Purpose:Percutaneous Endoscopic Lumbar Discectomy(PELD)is minimally invasive spinal surgery requiring only a one night stay. PELD can be applied to complicated Lumbar Disc Herniations (LDHs), such as central large herniations (CLH), high-migrated herniations, cases combined with bone-abnomalities (posterior osteophytes, central calcifications, lateral recess osteospurs, foraminal stenosis, ring apophyseal separation etc.), and cysts.

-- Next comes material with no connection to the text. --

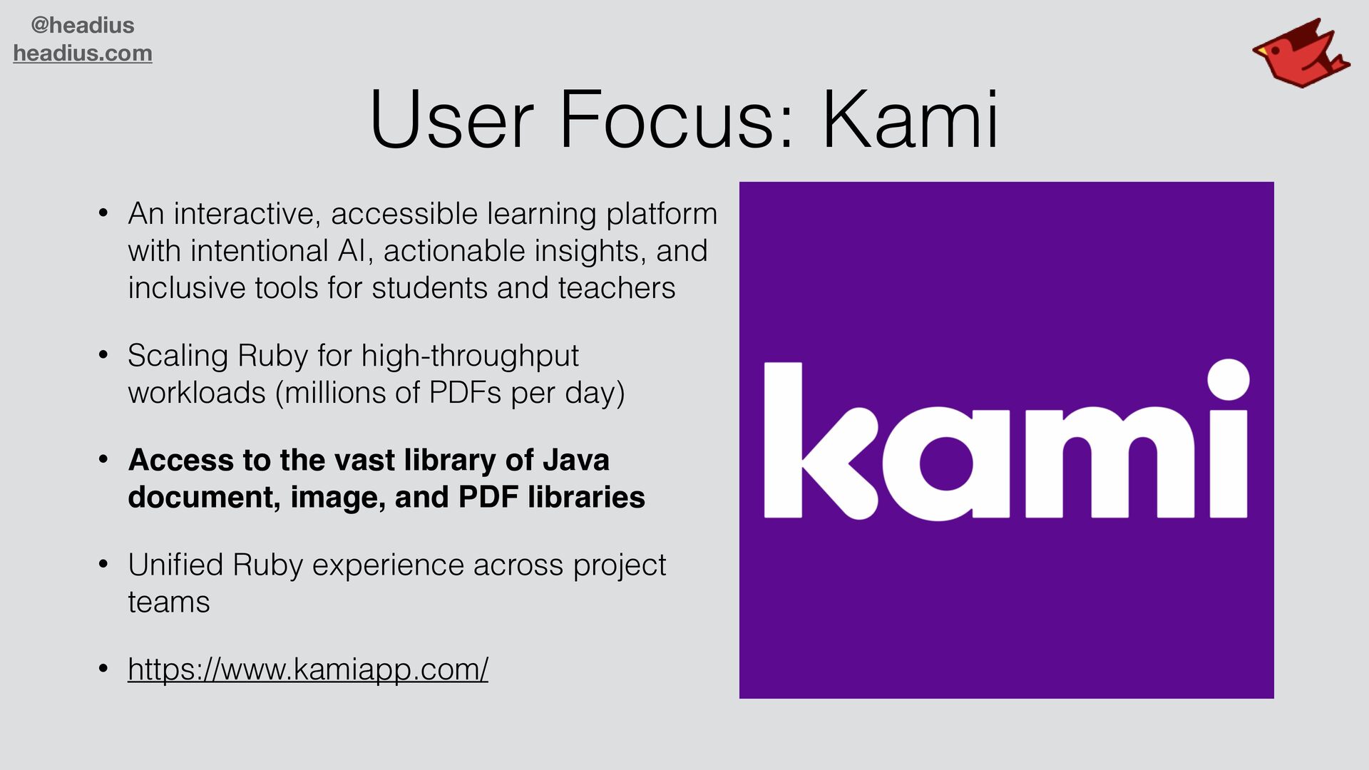 platform with intentional AI, actionable insights, and inclusive tools for students and teachers • Scaling Ruby for high-throughput workloads (millions of PDFs per day) • Access to the vast library of Java document, image, and PDF libraries • Uni fi ed Ruby experience across project teams • https://www.kamiapp.com/

Until recently, it has been difficult to perform.
Method:PELD was performed on the following types of lumbar lesions.
1. Various techniques at each different disc level were used on 156 CLHs.
2. 256 migrated LDHs over six zones were operated on using advanced techniques.
3.The drill was necessary for 144 bone-related cases.
4. Nine cysts were resected in similar fashion to discectomy.
Results:Of all our PELD cases, there was an 86% satisfaction rate after initial operation, with 10% requiring revisions. The reasons for revision were mainly nucleus remnants, recurrences, nerve adhesions, ganglion damage, and osteospur remnants. The final satisfaction rate was 94% after all operations.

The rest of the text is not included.